How does this work : Orders are dispatched on Mondays and Wednesdays. Just pop the kimchi in your fridge and wait as long as you like before enjoying. We recommend that you don’t overpack your airtight container and that you open it a couple of time a week for the first two weeks of fermentation. Kimchi will keep for weeks when stored correctly but we recommend to cook it if eating after the Best before date.
As with our other versions, naturally made without any preservatives or additives, The Korean Pantry Fresh Kimchi is unpasteurised and will develop loads of probiotics and prebiotics to support your gut health.
Its spicy yet fresh and zingy taste will make it the main character of your stir fries, stews and grilled cheese sandwiches, or the best companion to your cheese & charcuterie platter or salad.

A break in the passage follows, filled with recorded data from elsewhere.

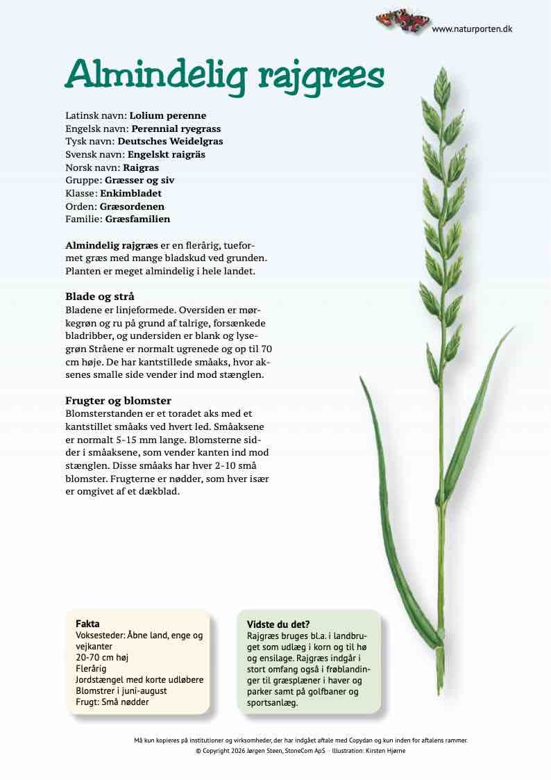 Almindelig rajgræs er en flerårig, tueformet græs med mange bladskud ved grunden. Planten er meget almindelig i hele landet.
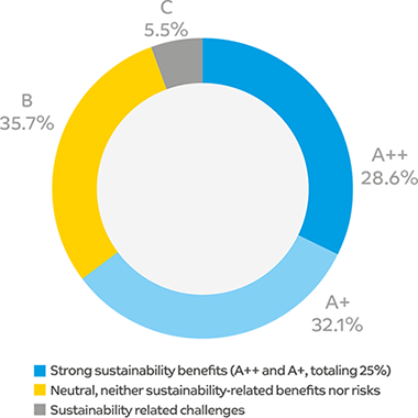 In 2020, we expanded our portfolio sustainability assessments to additional segments, and we have finished 56 product-application combinations, which covers about 84% of our entire polymers product portfolio, surpassing our set 80% target. Our analysis revealed that of these 56 applications, 16 have strong sustainability-related benefits, 18 have moderate benefits, 20 are neutral, and two have challenges.
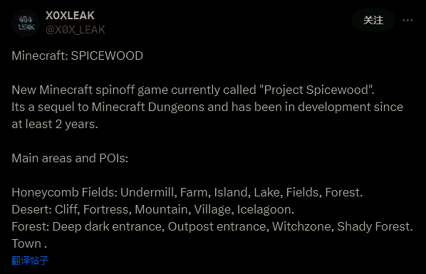 在社交媒体上,消息泄露者 XOX_LEAK 透露,这款热门游戏《我的世界》的 ARPG 衍生作的续作在内部代号为“Spicewood”,并且“已经开发了至少 2年”。
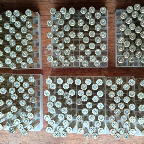Ei mitään radalta kerättyä roinaa, kerran tehtaan latauksella ammuttuja. Nallit poistettu ja pesty. 50 kpl pusseissa.
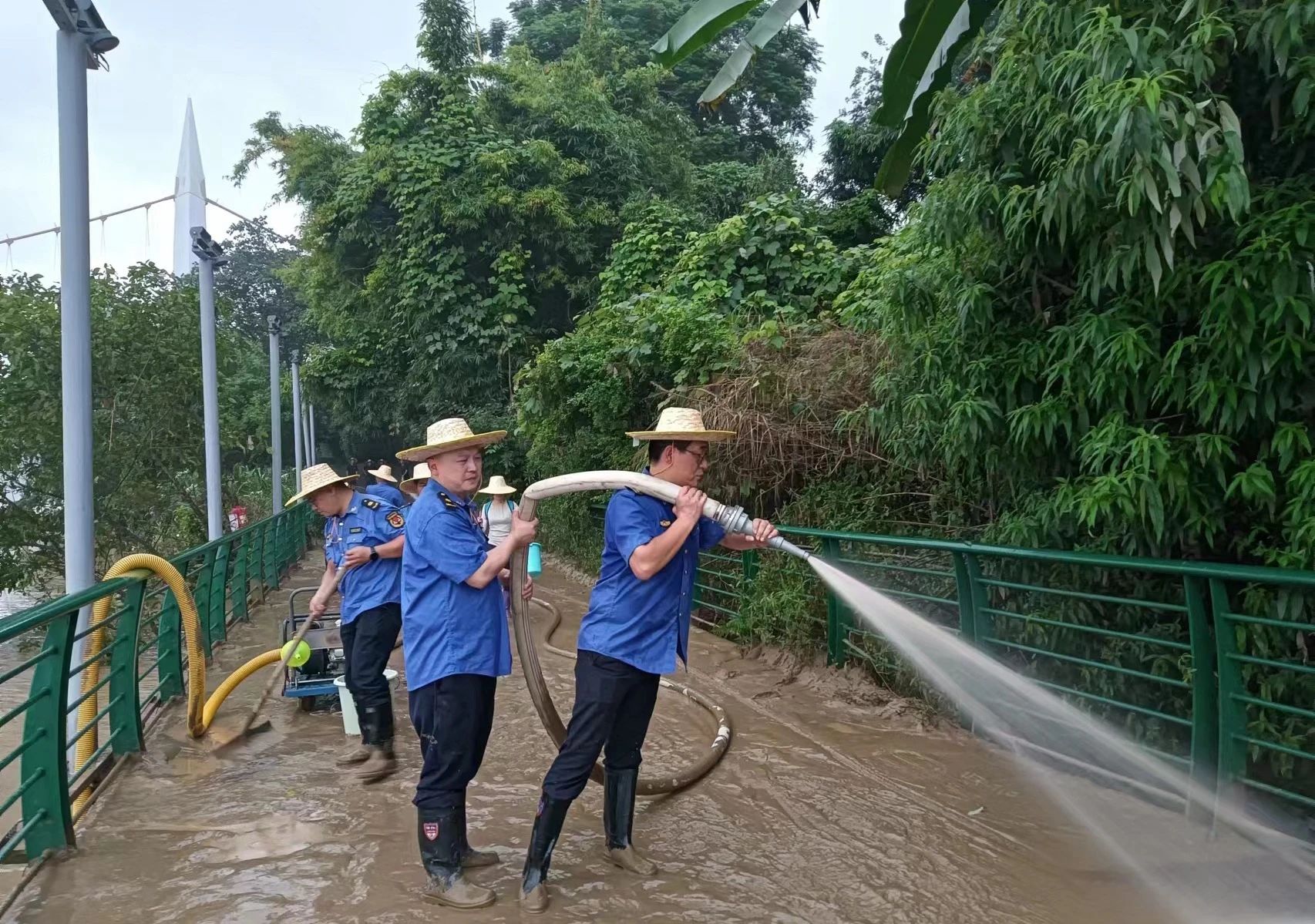 (城中区执法局讯 通讯员邓湖广报道)7月2日,柳江洪水再次淹没滨江东路、环江滨水大道等路段。今天早上6点,洪水退却,城中区综合执法局立即集结精干力量,开始了与洪魔的第3次较量。
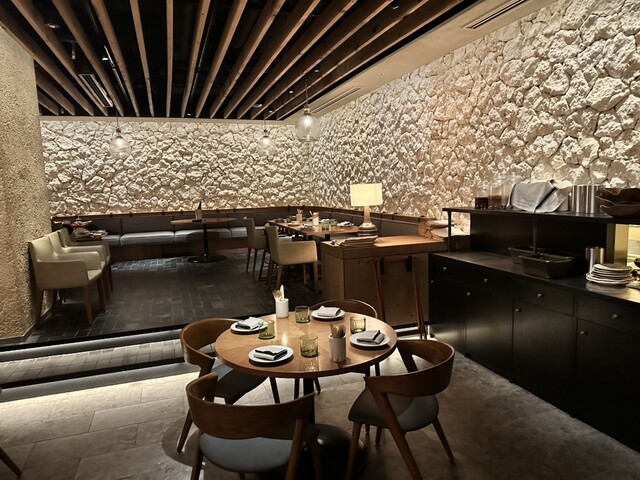 1Fのメインダイニングにはカウンター席やテーブル席など98席、テラス席は1・2階に50席以上、地下のバーには60席と豊富なお席をご用意。バーやテラス席に自由に移動も可能です。席数が多いため10~20名様の小団体のお食事にも便利。店内は、木や琉球石灰岩を使用した壁に、南国を思わせるグリーンを取り入れた、ゆったりと落ち着ける空間です。ホテル宿泊客はもちろん、観光客や島民の方々もお気軽にご利用ください。
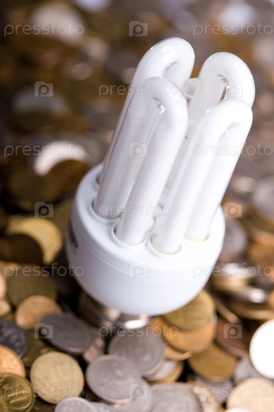 Энергосберегающая лампа на фоне монет
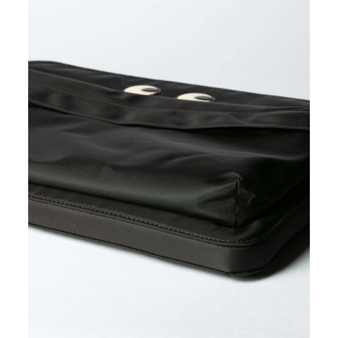 Eyes Technology Case は、通勤や旅行中にノートパソコンを保護するように設計されています。黒の ECONYL 再生ナイロン製で、革製の目、タッセル付きのジッパー、ポケットが 2 つ付いています。
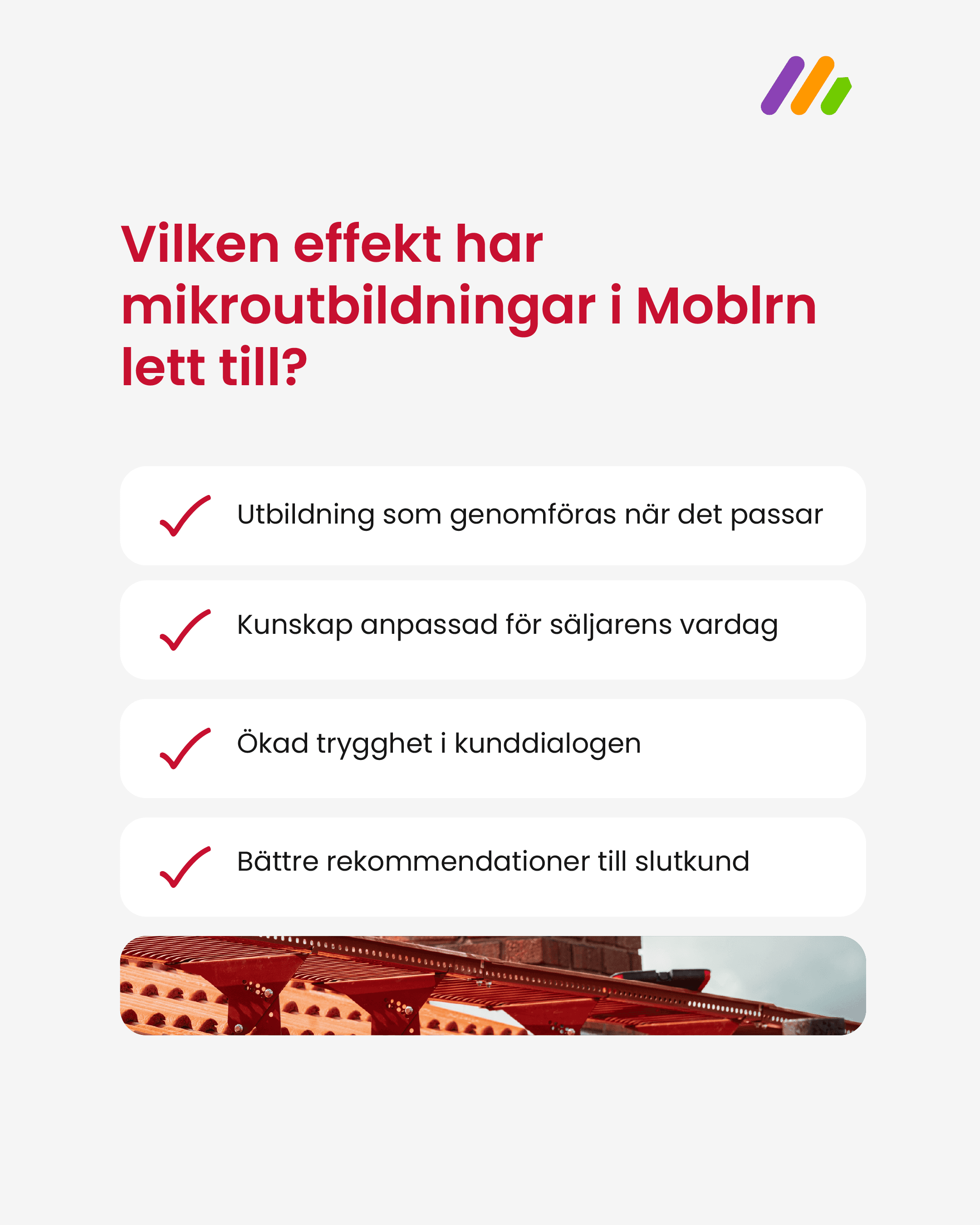 Att vara fysiskt på plats hos alla bygghandlare och takläggare är inte alltid möjligt. Samtidigt förändras både sortiment och regelverk kontinuerligt. Digital utbildning via Moblrn blev därför ett naturligt steg för TJB. Mikroutbildningarna är ett sätt att göra kunskap tillgänglig i rätt tid och på lika villkor, oavsett var kunden befinner sig.

Chinese leaf, daikon, spring onion, carrot, onion, garlic, ginger, Korean pear, Korean chilli pepper flakes, FERMENTED SHRIMPS, glutinous rice flour, dried shiitake mushroom, kelp, fermented Korean plum extract, Korean solar sea salt.
*For allergens see ingredients in bold. No Fermented shrimps involved in the Vegan version.
*All natural: no preservatives, no added refined sugar, gluten-free
Made in an environment that may handle nuts, gluten, oats.